Отречение
Шрифт:
– Ну, ладно, ладно, завела, – попытался остановить ее Егор. – Куда как расходилась… Ты радуйся, вон какая поросль-то крепкая! – с гордостью повел Егор головой в сторону двух очень серьезных мальчишеских физиономий. – Мужики, солдаты…
– Э-э! мужики! – подхватила невестка, в сердцах бросая ложку на стол. – Еще надо поглядеть, раньше срока-то нечего загадывать! Мужики! У мужика кроме штанов еще голова должна быть! Мужики теперь пошли – пить да пакостить! Да чего там ходить кругом да около. Мы, папаш, чего с Володькой-то? – спросила она, всем телом поворачиваясь к Захару. – А потому дело решать надо. Тебя, папаш, весь народ уважает, ты скажи… сам знаешь, младший из армии не вернулся, остался где-то у черта
– Погоди, погоди, – остановил ее лесник. – Ты на козе-то, Валентина, не подъезжай. Я у вас теперь сторонний человек, ваших дел не знаю, сами думайте, – решительно ответил он, и уже хотел было встать, сказать спасибо и, пока не поздно, отправиться восвояси, и уже встал было, но, взглянув в растерянное, страдающее лицо Егора, опять опустился на свое место.
– Понимаешь, батя, тут такое дело, – обрадовавшись, сразу же горячо заговорил Егор, успевший как-то незаметно для всех хлопнуть еще одну, очередную стопку. – Тут вот Пашка десять классов через год кончает, ну, значит, надо дальше стремиться… Так? Так! А он уперся бараном, и ни в какую тебе! В институт не поступит, в армию загремит… родня у нас-то вон какая высокая, а его с места тягачом не стронешь! Пашка, слышь, Пашка, я тебе говорю! – повысил он голос. – Перед всеми говорю, пойдешь в институт, машину отдам, «жигуленок» новенький, слышь? Запишу на тебя и – баста! На всю катушку говорю, слышишь? Получай права и кати себе хоть в Америку.

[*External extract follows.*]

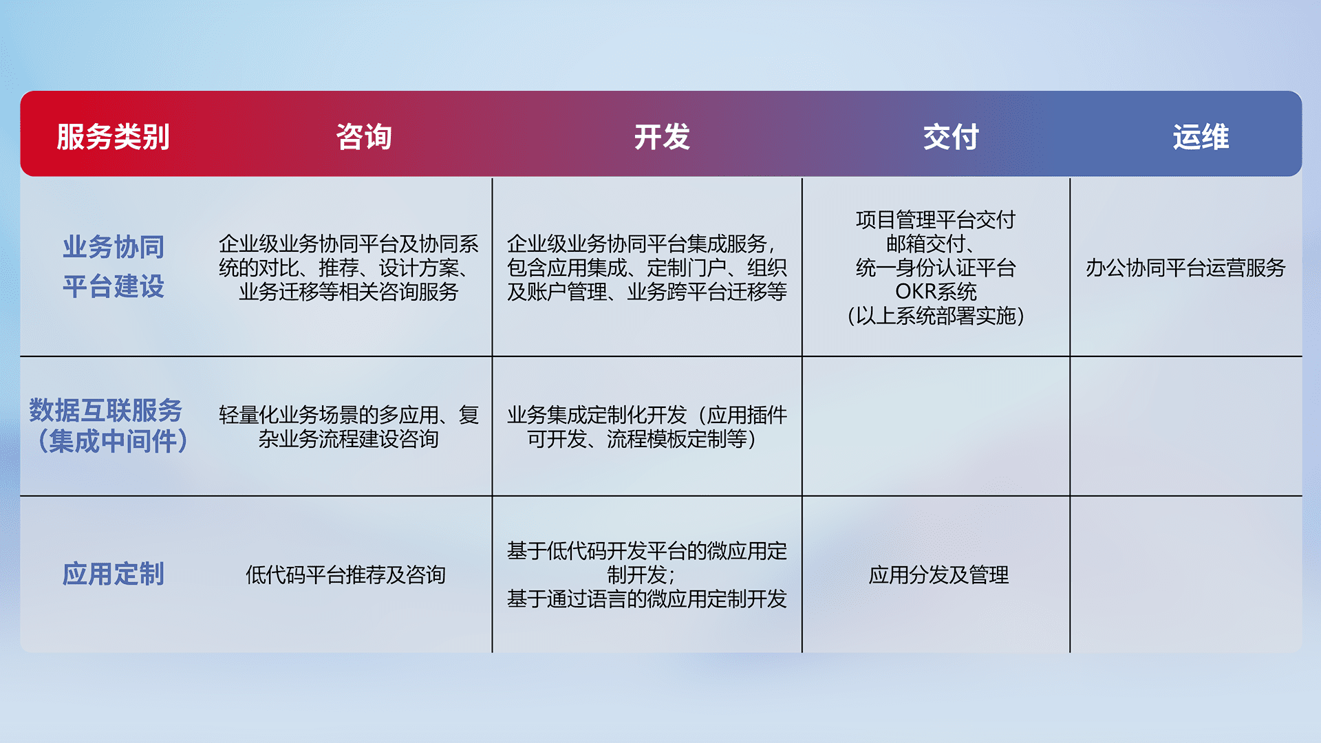 针对钉钉、、、、企微、、IDaas等平台级产品提供产品的规划、、、方案、、、、交付、、、、定制化开发等服务,,,实现如统一协同办公、、、智能客户服务、、混合会议管理、、智能数据查询、、、等业务场景,,,实现数字化转型。。。。

– Слышу, не глухой, – пожалуй, в первый раз за столом басовито подал голос Пашка, неохотно и как-то брезгливо взглянув на деда.

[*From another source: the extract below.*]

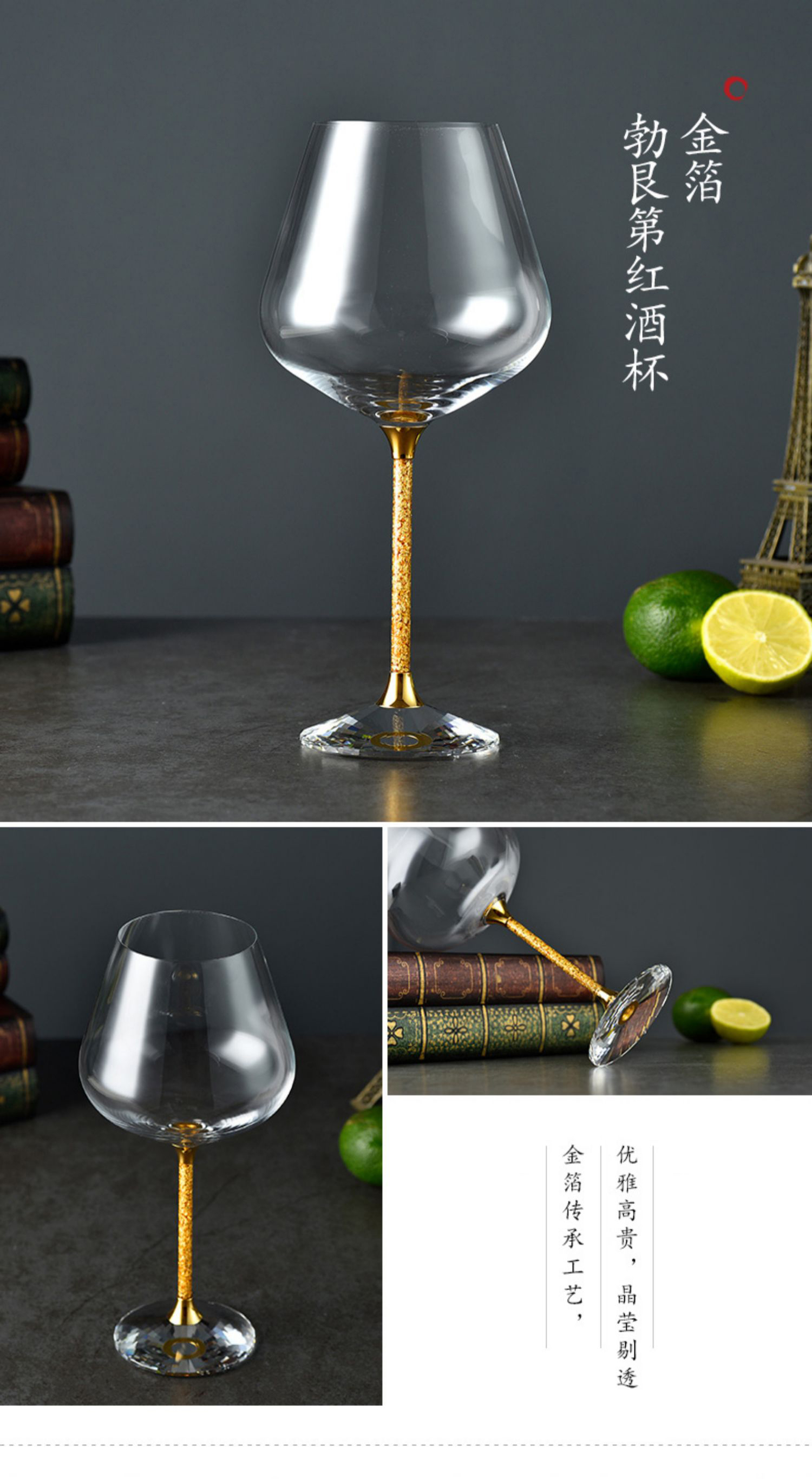 金陵金箔 时尚水晶玻璃红酒杯

– Ну, слышишь, а что думаешь?
– Что, что! Заладил – машина, машина, – ответил Пашка с явным вызовом, глядя при этом не на своего деда, сулившего дорогой подарок, а на лесника, и в глазах у него появился холодный, злой блеск. – Вон у Петьки Фокина, у Мишки вон Шахова давно машины и без института!
– Соглашайся, Пашка! – неожиданно сказал младший брат, с рассеченной бровью. – Не хочешь, я согласный, в институт поступлю, на права сдам… слышь, Пашка…

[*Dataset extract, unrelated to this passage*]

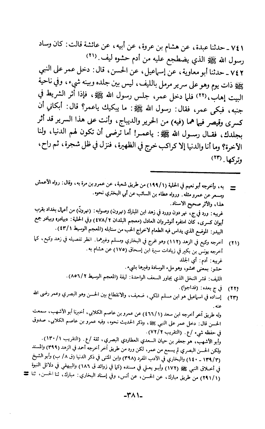 حَدَّثَنَا أَبُو مُعَاوِيَةَ، عَنْ إِسْمَاعِيلَ، عَنِ الْحَسَنِ قَالَ: دَخَلَ عُمَرُ عَلَى النَّبِيِّ صَلَّى اللهُ عَلَيْهِ وَسَلَّمَ ذَاتَ يَوْمٍ وَهُوَ عَلَى سَرِيرٍ مُرْمَلٍ بِاللِّيفِ لَيْسَ بَيْنَ جِلْدِهِ وَبَيْنَهُ شَيْءٌ , وَفِي نَاحِيَةِ الْبَيْتِ إِهَابٌ، فَلَمَّا دَخَلَ عُمَرُ جَلَسَ رَسُولُ اللَّهِ صَلَّى اللهُ عَلَيْهِ وَسَلَّمَ , فَإِذَا أَثَرُ الشَّرِيطِ فِي جَنْبِهِ , فَبَكَى عُمَرُ , فَقَالَ رَسُولُ اللَّهِ صَلَّى اللهُ عَلَيْهِ وَسَلَّمَ: " مَا يُبْكِيكَ يَا عُمَرُ؟ قَالَ: أَبْكَانِي أَنَّ كِسْرَى وَقَيْصَرَ فِيمَا هُمَا فِيهِ مِنَ الْحَرِيرِ وَالدِّيبَاجِ وَأَنْتَ عَلَى هَذَا السَّرِيرِ قَدْ أَثَّرَ بِجِلْدِكَ، فَقَالَ رَسُولُ اللَّهِ صَلَّى اللهُ عَلَيْهِ وَسَلَّمَ: «يَا عُمَرُ , §أَمَا تَرْضَى أَنْ تَكُونَ لَهُمُ الدُّنْيَا وَلَنَا الْآخِرَةُ , وَمَا أَنَا وَالدُّنْيَا إِلَّا كَرَاكِبٍ خَرَجَ فِي الظَّهِيرَةِ , فَنَزَلَ فِي ظِلِّ شَجَرَةٍ , ثُمَّ رَاحَ وَتَرَكَهَا»

Тут Пашка не выдержал, со злостью двинул свою табуретку в сторону нежданного соперника, и младший не удержался, выскочил из-за стола, задохнувшись обидой; показывая характер, пересилив себя, он ярко по-мальчишески залился возбужденным румянцем, захохотал.
– Ты ему, дед, самолет подари! Реактивный лайнер, холостых баб да девок в лес подальше катать! Нужен ему институт!
Заметив готовившиеся со стороны старшего брата новые ответные действия, он метнулся в дверь, успев напоследок оглянуться, за что тут же и поплатился: бабка треснула его по затылку звонким алюминиевым половником, моментально выхваченным из кастрюли с борщом.
– Подумаешь! – крикнул Витька из-за двери. – Совсем не больно!
– Поговорили, – засмеялся лесник. – Шустрый! – неопределенно прибавил он, продолжая ощущать на себе раздраженный, дерзкий взгляд Пашки. – Ладно, спасибо за хлеб-соль, хозяева, пора мне, – лесник загремел табуретом, выбираясь из-за стола.
– Что ж ты не скажешь ничего, папаш? – засуетилась невестка. – Ты ж нам не чужой, хоть бы ты нашим дуракам глаза промыл… папаш, а папаш…
– Ты перед ним вприсядку пройдись, плясать так плясать, – неожиданно громко и весело предложил Пашка и тоже встал, оказавшись чуть ли не на полголовы выше давно уже начавшего усыхать лесника. – Дед Захар! Дед Захар! Как же – лесной пророк! Он присоветует! Ему одно – земля, земля, а на черта она кому нужна – эта земля? Вон полсела разъехались, а вы нас тут держите. Правильно отец решил в город перебираться! Все равно уедем!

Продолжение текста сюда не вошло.